3. Tie sessions to projects
What: Look at which sessions show No project, and fix the cause. It's usually projects that aren't in Flowstate or aren't linked to your project tool. Who: Engineering or operations lead. Where: Insights → Agent insights → Agent sessions. See Tying sessions to work. Done when: Most sessions show a project rather than No project.
- A session's cost goes to its project, and to that project's initiative.
- People can pick a project for their own sessions under My AI → My sessions → Needs a project.
- To move someone else's session, open it and select Session actions → Reassign project. You need AI governance admin access.
4. See what kind of work AI does
What: Check sessions carry a Category, the kind of work such as Feature, Bug Fix or Investigation / Spike, and that the Dashboard splits spend by it. Who: Engineering or operations lead. Where: Insights → Agent insights → Agent sessions, then Dashboard. Done when: Spend by task on the Dashboard is filled in.
You can't change a session's category. Where a session's cost counts is decided by its project.
5. Add the agents you run
What: Add each AI agent that does work on its own, give it an owner, and put it on the projects it works on. Who: Engineering or operations lead.

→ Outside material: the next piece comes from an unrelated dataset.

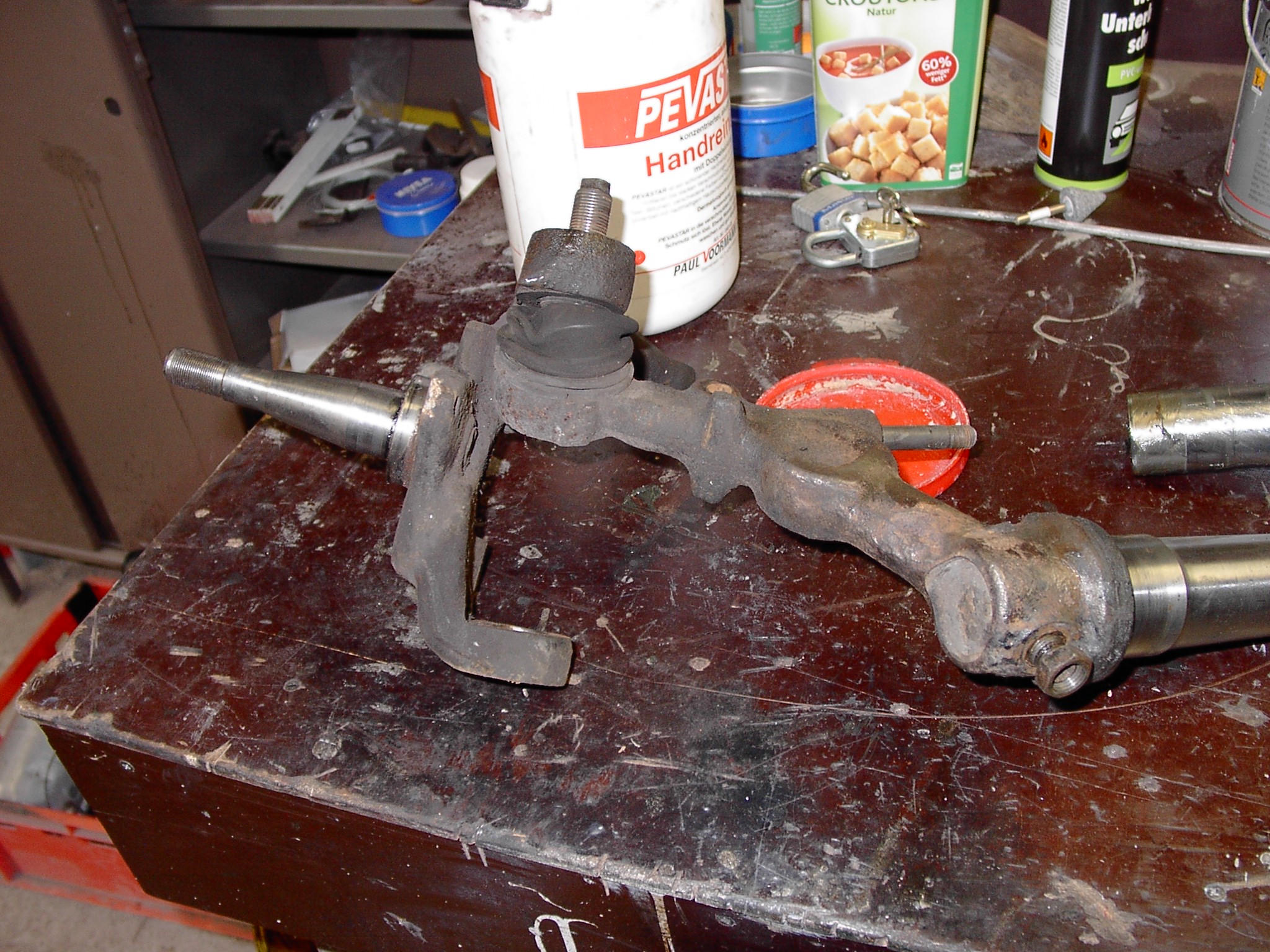 Und wie bekomme ich den unteren Traghebel der Vorderachse ab ? Der obere ging ganz leicht. Ach ja, die Achse ist ausgebaut.

Where: Resourcing → Agents & copilots → Agents, then on each project Resourcing plan → Agents. See Agents. Done when: Every agent you run is listed with an Owner, and shows on the projects it works on.
Don't add the AI tools people use, such as Claude Code or Cursor, as agents. Those are copilots, and their cost belongs to the person using them. See The AI cost model.
6. Optional: give your own AI services an account
What: Give each of your own services that calls AI providers, such as a support chatbot, its own AI service account, so its AI use is its own line. Who: Engineering lead. Where: Settings → AI → AI Service Accounts. See AI service accounts. Done when: Each service's account shows a Last seen date rather than Never.
7. Optional: see AI in what your engineers ship
What: Connect GitHub and ask for Flow and AI impact, so you can see how much merged work was AI-assisted, agent-authored or human, and what AI cost per merged pull request. Who: Engineering lead, with a GitHub organisation owner. Where: Connect GitHub, then your Flowstate contact. The full checklist is Measure what delivery returns. Done when: Insights → Engineering insights → AI impact shows your own Delivery mix, rather than sample data.
8. Optional: be told when sensitive data goes to AI
What: Name the people who get a daily alert when high-severity AI signals need review, such as sensitive data sent to AI. Then add alerts for sensitive data and unapproved AI tools. Who: Security lead, with a Flowstate admin. Where: Settings → AI → Agent Policy → Alert recipients, then Insights → Agent insights → Alerts → New alert. See Alerts. Done when: At least one person is listed under Alert recipients, and a Data loss prevention alert is Active with someone under Recipients.
While nobody is listed under Alert recipients, the page says "No one is listed — AI policy alerts are not being sent."
You're set up when
- Sessions from your people appear under Agent sessions, against the right names.
- Most sessions show a project rather than No project.
- Spend by task on the Dashboard is filled in.
- Every agent you run has an owner and sits on its projects.
If something's not right
Most sessions show No project. The projects people work on aren't in Flowstate, or aren't linked to your project tool. See Link synced projects to Flowstate projects.
Sessions only come from engineers. The Cloud Proxy only covers company Macs. Check which teams' Macs are in scope. See Roll out the Cloud Proxy.
AI impact shows agent-written pull requests but no AI-assisted ones. Your engineers' sessions aren't reaching Flowstate, or they aren't linked to pull requests yet. See AI impact.
Someone asks whether their use of Claude Code makes it an agent. It doesn't. A tool a person prompts is a copilot, and its cost is theirs. An agent is a worker you plan in Agents & copilots.